Незамедлительно сверху спустили нужный циркуляр, и генерал Бринкен в свойственной ему манере потребовал от начальников бригад донесений – когда, где и что разведано офицерами Генштаба лично. Приказ есть приказ. Он, как известно, обсуждению не подлежит. Но глупые приказы так и просятся на язык, чтобы как следует их пропесочить.
– Нет, я отнюдь не ратую за то, чтобы штабные офицеры, и мы в частности, робко сидели в тылу и не применялись, когда это нужно, для боевых назначений, – пустился в рассуждения Борис. – Разведка офицера с высшим военным образованием в известных случаях чрезвычайно полезна и даже необходима. Но согласитесь, что разведка в междуокопном пространстве вовсе не требует академических познаний. Ее же ведут ночью, и сводится она чуть ли не к ощупыванию неприятельских заграждений.

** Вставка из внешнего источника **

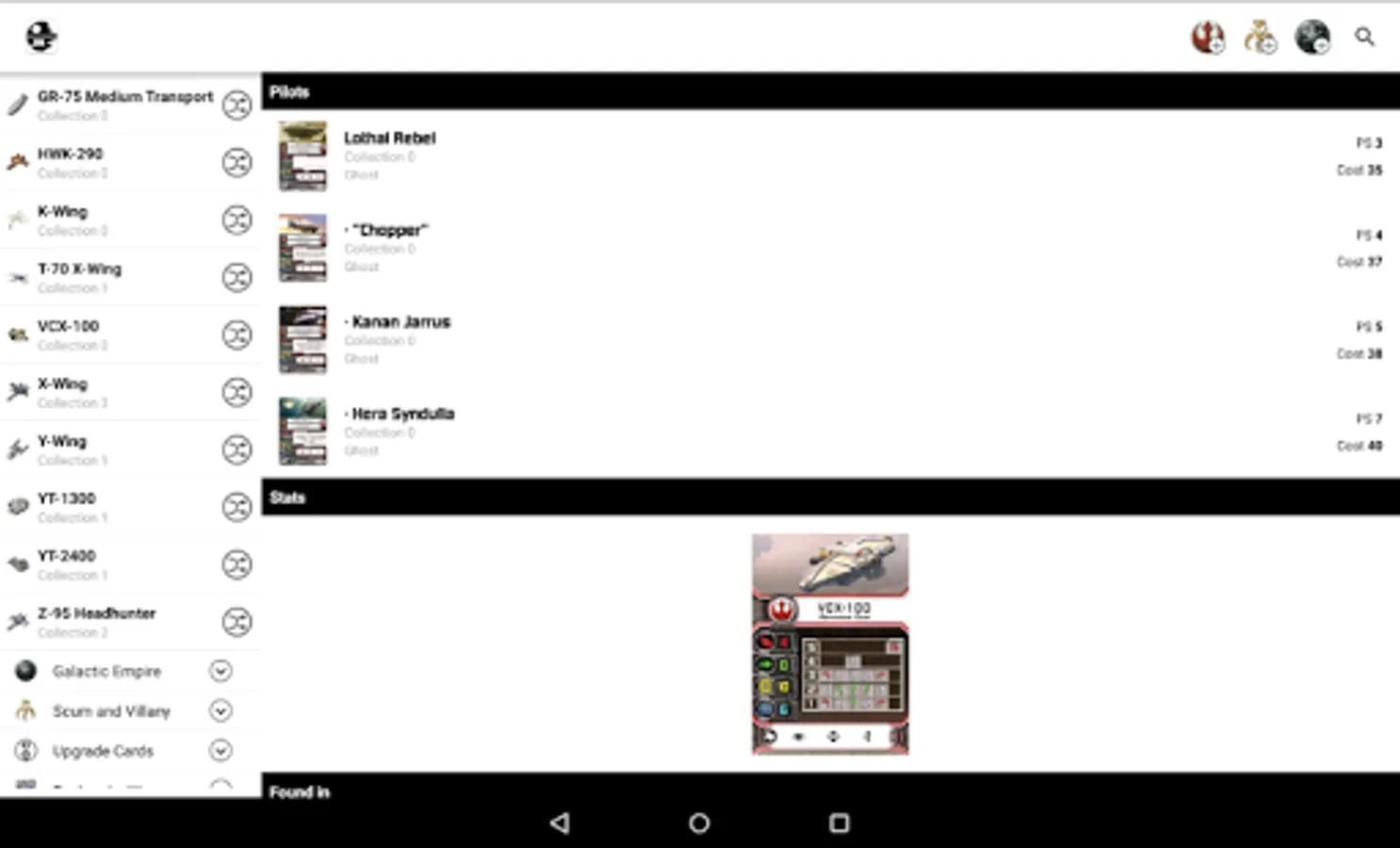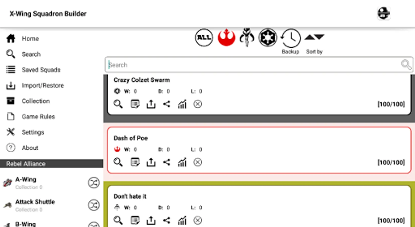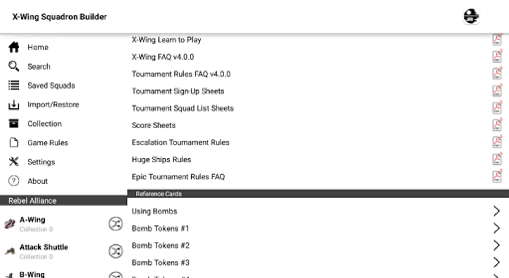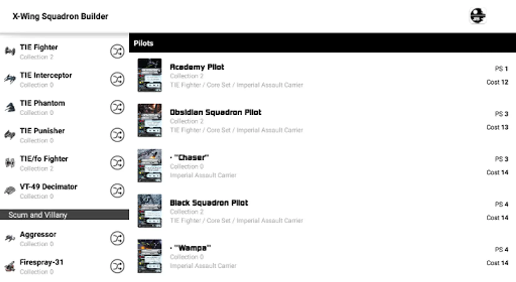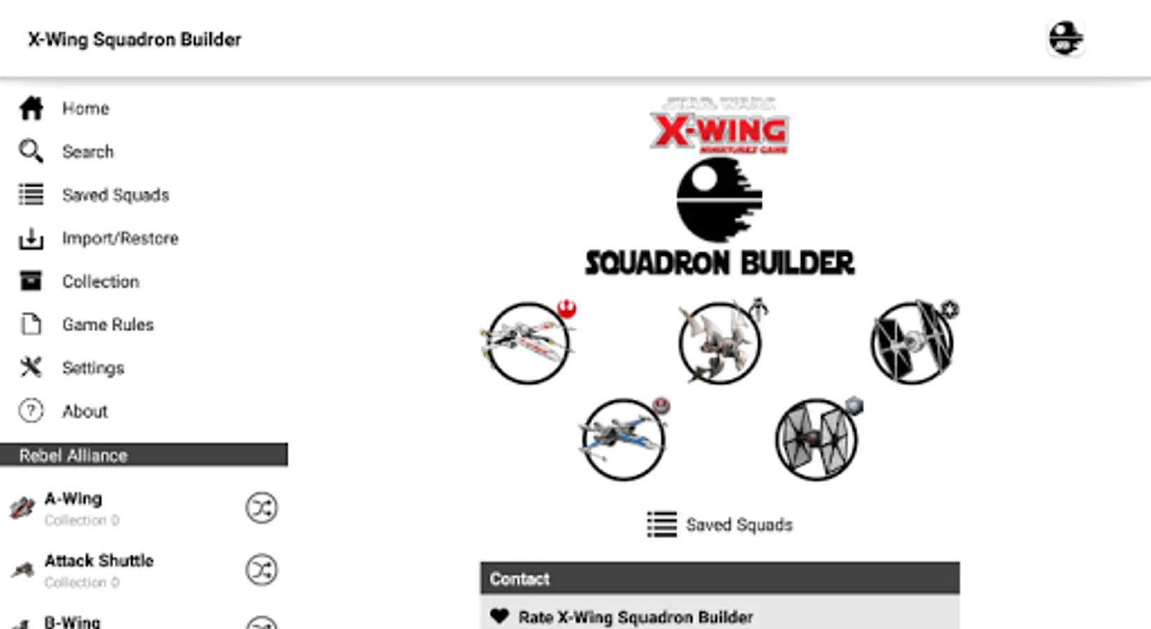 X-Wing Squadron Builder for Android is an app for mobile devices developed with the purpose of serve information to X-Wing’s players in the creation of squads for standard and championship games.

Сделав паузу, Борис какое-то время подождал ответной реакции Колесникова. Но капитан ехал молча. Похоже, решил дать высказаться товарищу по несчастью. Сергеевскому только того и надо. Он с вдохновением продолжил:
– С другой стороны, разведка может дать полные и точные результаты лишь тогда, когда ведется методически, каждую ночь, одними и теми же лицами, на данном небольшом участке местности. Только исползав и досконально изучив каждый сантиметр этой местности, опытный разведчик точно выяснит расположение и характер заграждений противника и меры их охранения. Только длительное и постоянное, изо дня в день, с рассвета до заката, наблюдение за тем, что видно с поля на позициях противника, и, наконец, фотографирование с аэропланов дадут полноту разведывательных данных. Лично я не вижу здесь места для личной работы офицеров штаба. Их дело – организация всей разнообразной и сложной разведывательной машины и обработка добытых сведений. Ощупать же самому начальнику штаба или его помощнику два-три кола в неприятельском заграждении и неумелою рукою вырезать лично кусок-другой проволоки на память едва ли что-то даст в деле знания обстановки…

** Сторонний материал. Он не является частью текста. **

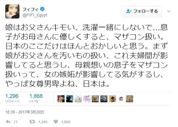 〈娘はお父さんキモい、洗濯一緒にしないで…息子がお母さんに優しくすると、マザコン扱い。日本のここだけはほんとおかしいと思う。まず娘がお父さんを汚いもの扱い、これ夫婦間が影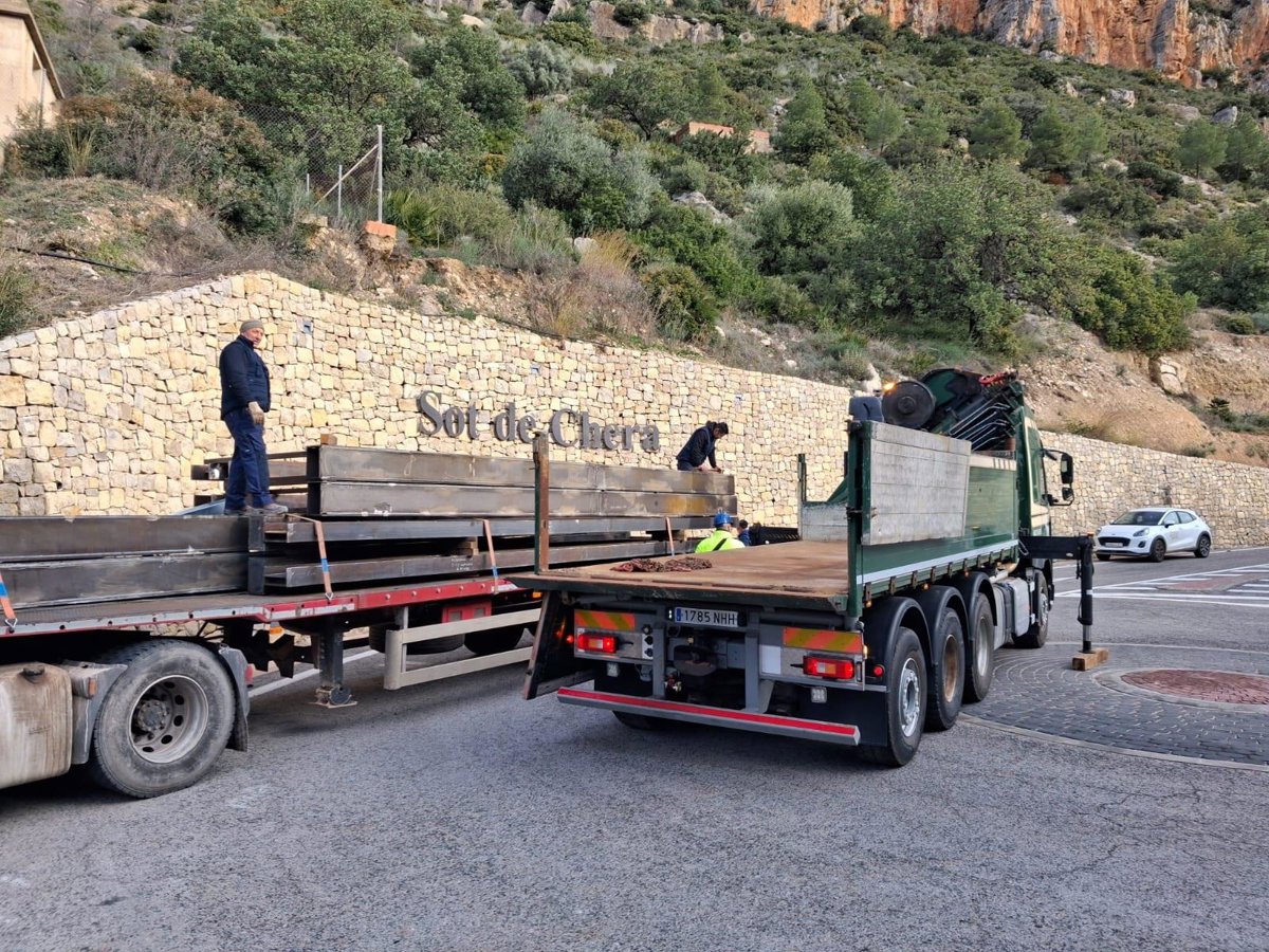 La Vicepresidencia Tercera y Conselleria de Medio Ambiente, Infraestructuras, Territorio y de la Recuperación ha completado el traslado en fases por el núcleo urbano de las estructuras metálicas de las nuevas pasarelas que se van a instalar en Sot de Chera (Valencia) en el marco de los procesos de reconstrucción tras las riadas que arrasaron las anteriores pasarelas.

Так за разговором, или, вернее, за монологом Бориса, они доехали до передовой позиции у Карльсфельде. Пересекли здесь линию проволочных заграждений и двинулись по дороге на деревню Брозовкен, примыкавшую к проволоке противника. Вот и Фридрихсфельде, в котором расположилась последняя застава. Лошади тихо въехали в этот занесенный снегом, совершенно пустой на первый взгляд фольварк.
– Кто идет? – раздался неожиданный окрик вполголоса.
– Из штаба бригады! – отозвался Колесников.
От стены ближайшего сарая отделилась почти невидимая тень часового. Подойдя вплотную, он тихо сообщил пропуск.
– Где начальник заставы? – спросил Борис.
– В доме, налево по коридору. Там свет в двери. Найдете.
Офицеры слезли с коней и вошли в дом. В коридоре действительно увидели дверь, сквозь щели которой пробивался неяркий свет. Подойдя к ней, постучали.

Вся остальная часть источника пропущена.